REQUIRED ACTION – In the entries below, find the line containing "1、当角色显示【(ㅠㅠ)不开心……】时,点击【抚摸】选项,可尝试改善角色心情。" and the line containing "En sus historias". Copy those two lines and everything between them exactly, without the pictures.

DATA FOR REVIEW –
────────────────────────────────────────

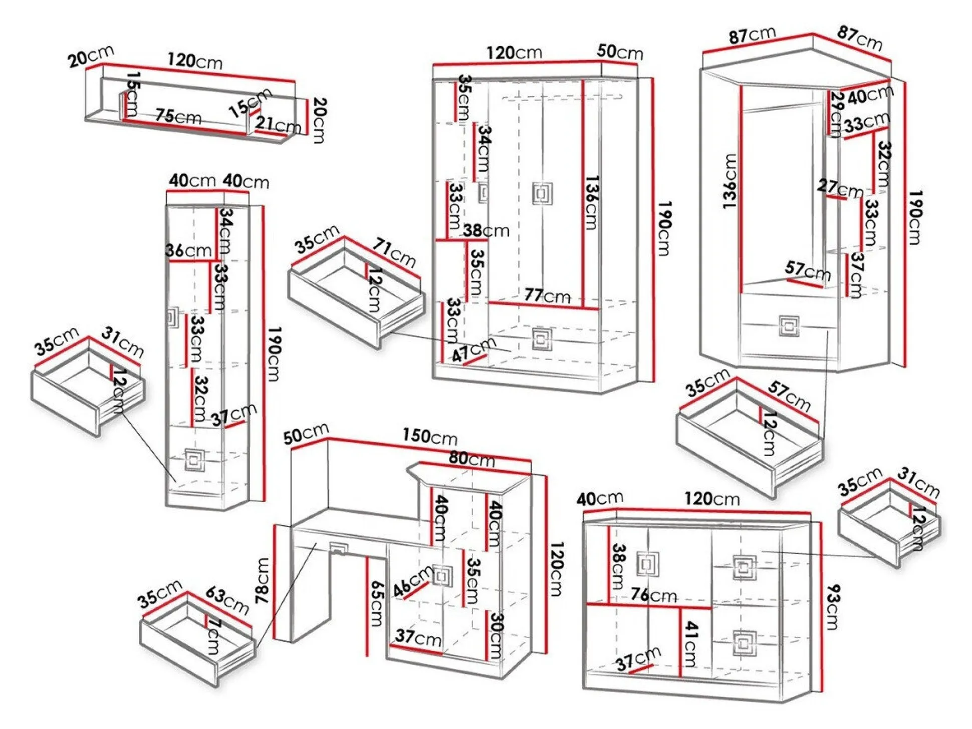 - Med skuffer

────────────────────────────────────────

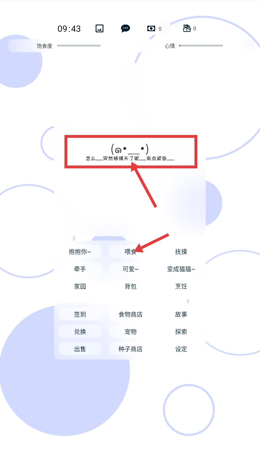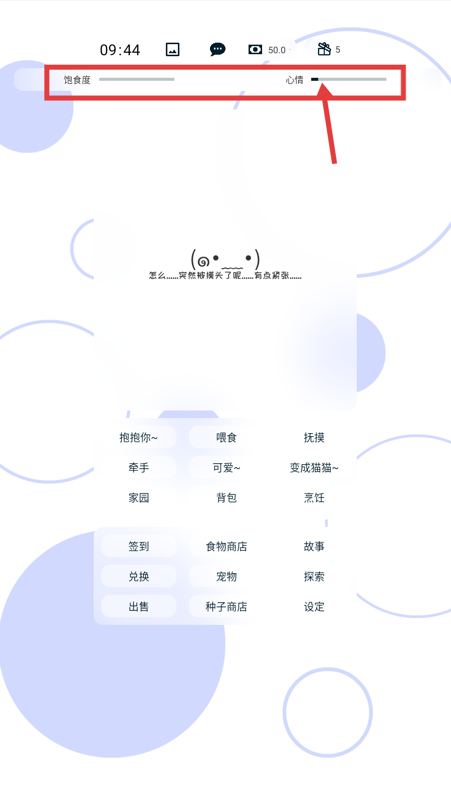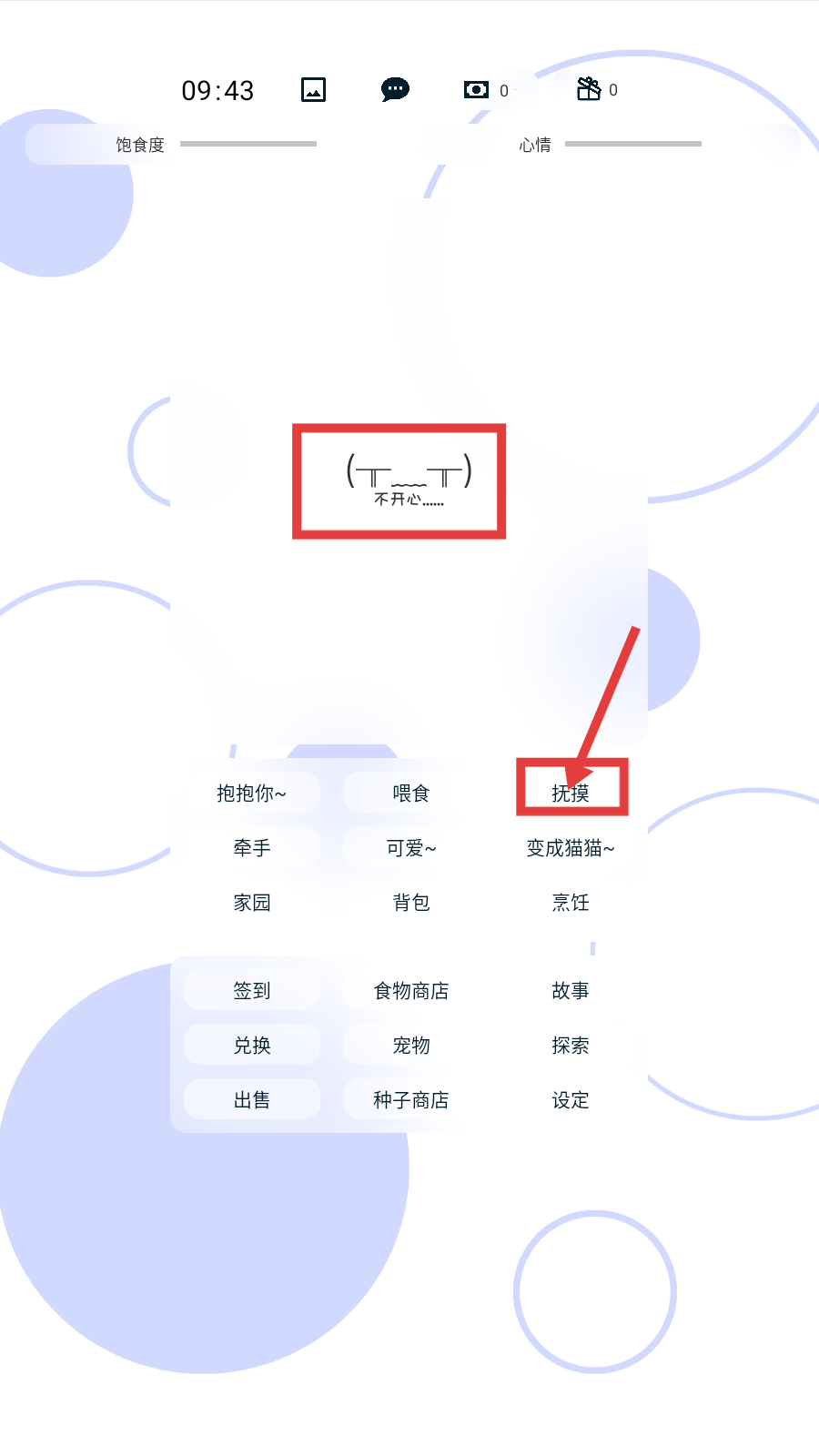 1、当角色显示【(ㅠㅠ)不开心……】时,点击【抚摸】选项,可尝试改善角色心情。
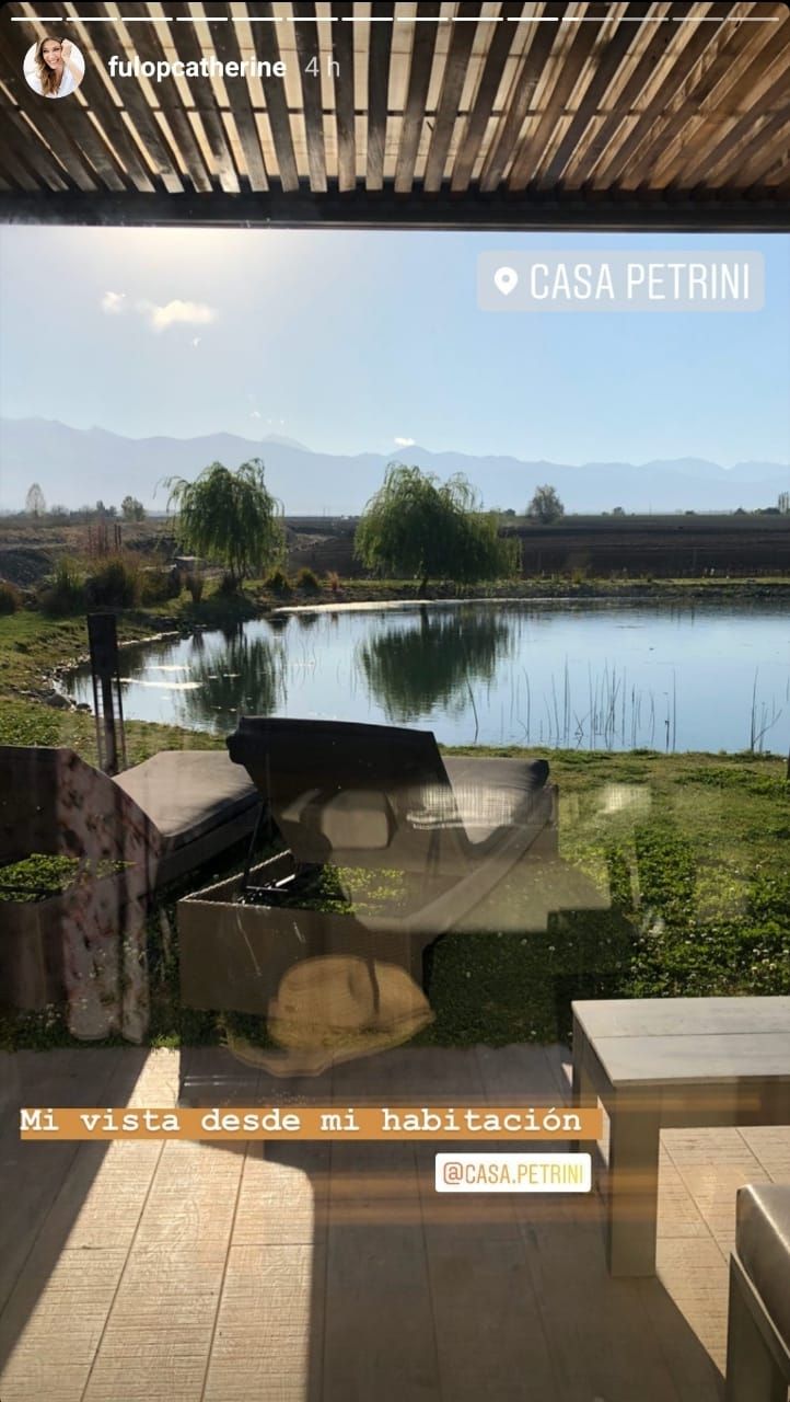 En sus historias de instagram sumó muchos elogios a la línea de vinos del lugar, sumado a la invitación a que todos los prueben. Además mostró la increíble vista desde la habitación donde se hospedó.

────────────────────────────────────────

FINAL ANSWER –
 1、当角色显示【(ㅠㅠ)不开心……】时,点击【抚摸】选项,可尝试改善角色心情。
 En sus historias de instagram sumó muchos elogios a la línea de vinos del lugar, sumado a la invitación a que todos los prueben. Además mostró la increíble vista desde la habitación donde se hospedó.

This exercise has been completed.